I’m excited to see a whole new wave of digital health experiences that address the most essential human need in taking care of ourselves.

5. Jun Kim, Facebook, Data Engineer

The upcoming 2021 technology that excites me the most is the long-anticipated Apache Airflow 2.0 release. Ever since its initial release in 2015, Apache Airflow has been one of the most popular workflow management systems—if not the most popular — in data engineering.

Its great success can be attributed to the fact that it allows workflows to be written as code, simple but yet effective GUI, and its general flexibility in structuring data pipelines. With the new 2.0 release, everyone’s favorite workflow management system will get even better. Airflow 2.0 will have many impressive added features, including fully supported and comprehensive REST API, TaskFlow API, and Task Groups. And it also offers many improvements that include simplified Kubernetes Executor, scheduler with low latency, and even more intuitive GUI.

I am excited to try out the new and improved Airflow.

6. Michael Mirandi, Saturn Cloud.io, Head of Strategy

There are several technology trends that I’m excited to watch in 2021, but none more than the growing popularity of GPU computing in data science and machine learning. The shift is driven by performance first, as well as ease of use made possible through open source project RAPIDS. If you aren’t familiar with it, RAPIDS enables users to execute Python code on NVIDIA hardware (disclaimer: NVIDIA sponsors the project).

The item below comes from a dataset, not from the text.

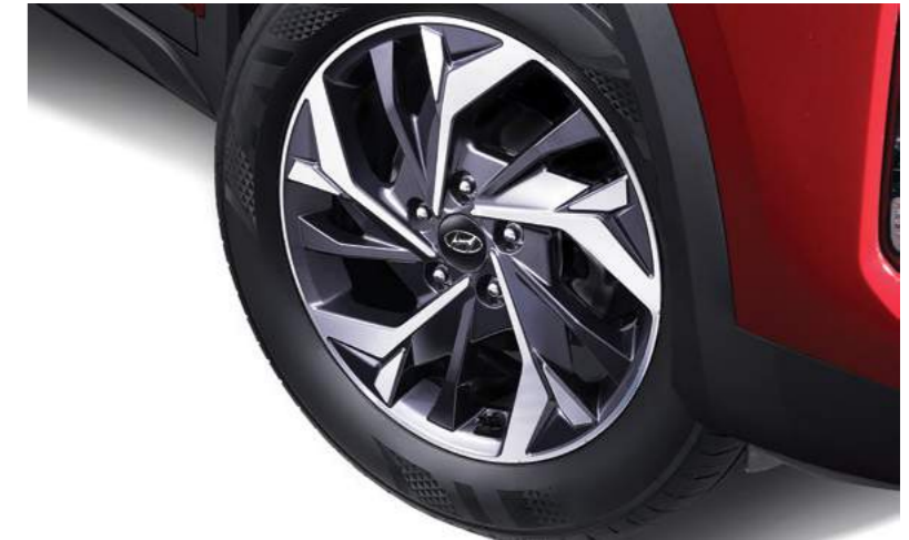
17-inch Diamond Cut Alloy Wheels

The team released the results of the industry-standard Big Data Analytics Benchmarks earlier this year, where they outperformed by nearly 20x! It’s also interesting that these benchmarks demonstrate not only the power of GPU computing for data science workloads but also its ability to accelerate traditional data engineering ETL jobs. Will this lead to even wider adoption of Python? I’d be willing to bet on it, especially as a new crop of data science startups have recently released distributed GPU computing platforms — that is the ability to spin up a cluster of GPUs in the cloud for unprecedented speed.

Tech in 2021 and Beyond

There is a lot to look forward to in 2021, whether it be pre-packaged SOTA NLP models that can be used with one line of code, natural language queries, or improvements in frameworks like Airflow.

Small and large technology companies seemed to have continued on, even with all the Zoom fatigue.

We hope that 2021 will not only lead to technology improvements but will also be a year where we progress in areas that lifts everyone’s boats.

Thanks for reading and good luck in the new year!